You can obtain the preparation instructions for the salmon from the blog post of 28 November 2009. You can obtain the recipe for the jerk pork from the blog post of 8 November 2009. The recipe for the macaroni and cheese follows at the end, in case you feel the need for obesity.

We did sacrifice a goodly number of beers. I think we successfully made two converts to craft brewing, as the Savins had never experienced the old oak sourness of a Grand Cru Rodenbach, the brettanomyces sourness of a traditional Belgian primatif, or the brandy barrel complexity of some of the newer American craft brewers.

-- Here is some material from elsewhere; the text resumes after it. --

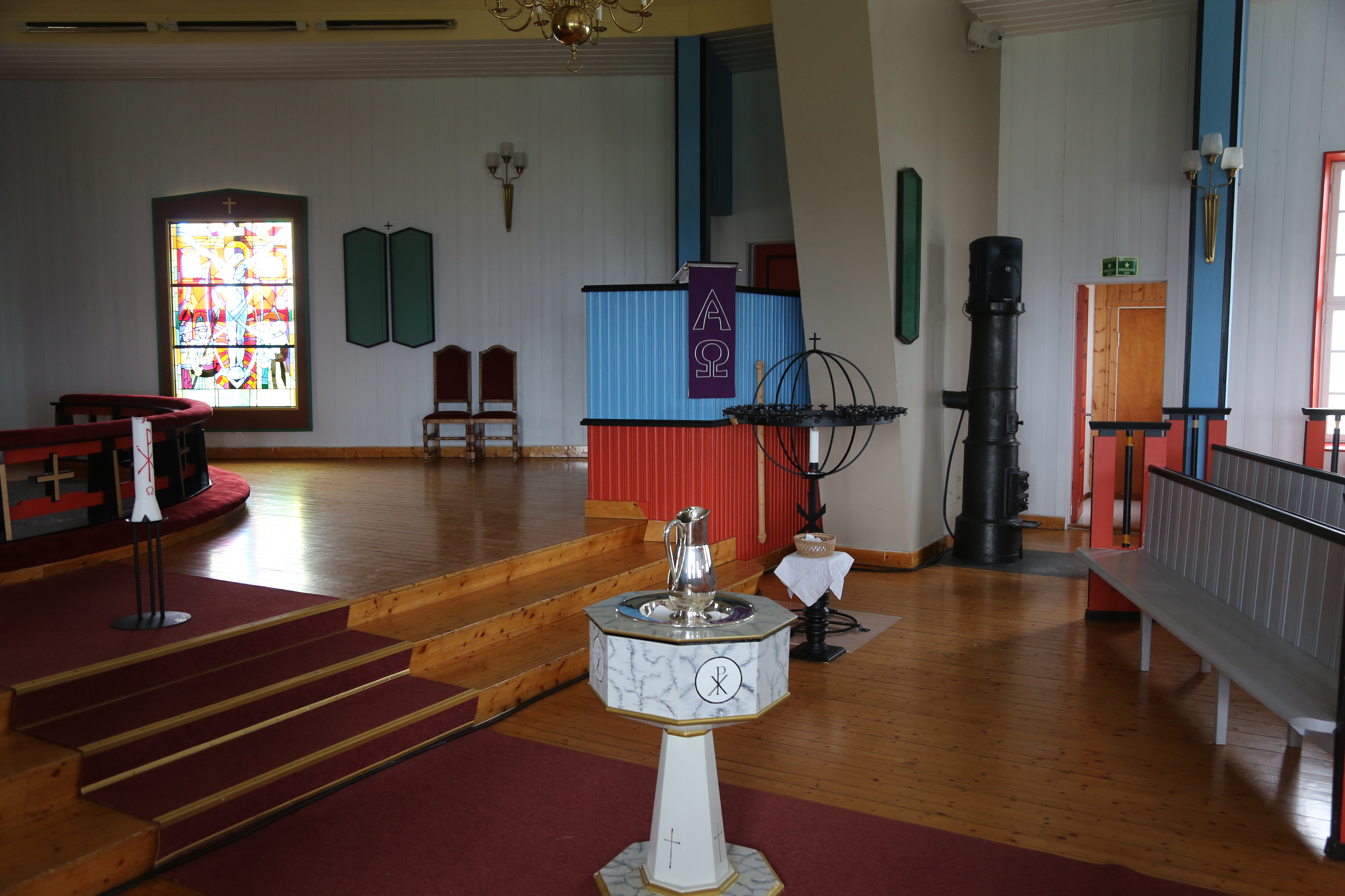 Hasvik kirke in the village Hasvik, Hasvik kommune, Finnmark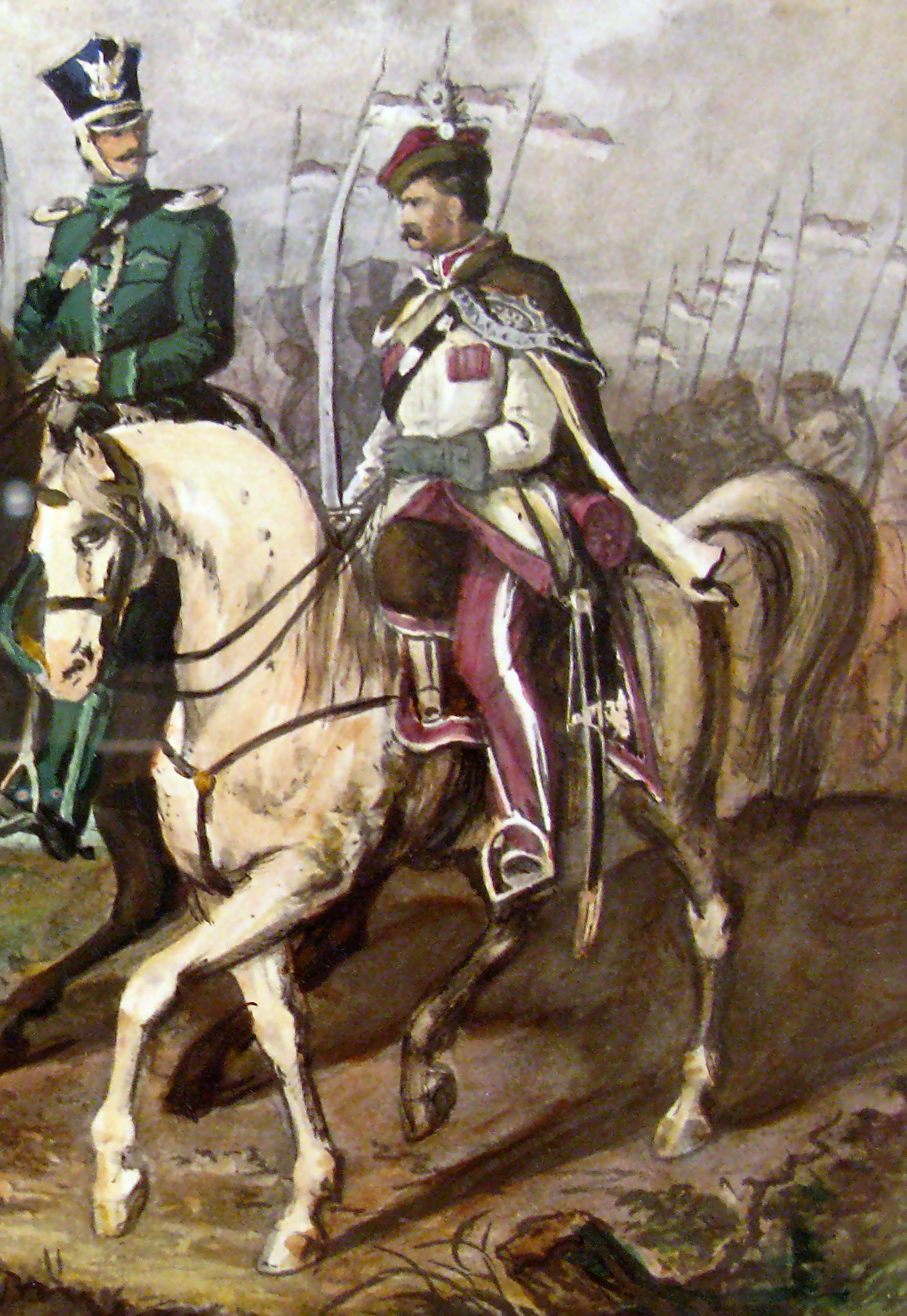 2nd Regiment of Krakusi à cheval of Polish Army of November Uprising

The ingredient list for Delilah’s mac and cheese follows. Preparation instructions can be found online at RecipeZaar. We divided everything in half, although dividing by four would have been better when serving this as a side dish for eight people. Jean had the good sense to omit the Velveeta. And she increased the salt and added dry mustard powder.

Delilah  Winder's  Macaroni  and  Cheese  2 lbs elbow macaroni 1 1/2 quarts half-and-half 3 cups yellow sharp cheddar cheese 2 cups extra-sharp white cheddar cheese 1 1/2 cups mozzarella cheese 1 cup Asiago cheese 1 cup Monterey jack cheese

1 cup Muenster cheese 1 cup Velveeta cheese (we omitted!) 1/2 lb butter 1 dozen eggs 1 pinch salt 1 tablespoon black pepper 2 tsp ground dry mustard

Enjoy!

And yes, the chocolates from the Savins were lovely, even if they are a bit sweet for American pallets.

And there were reasons for the long gaps between barbecue blog postings. Each of several snow storms constitutes a reason.

When it stops raining I will clean the inside of the grill. I really will. Fat fires? Nice touch, dad!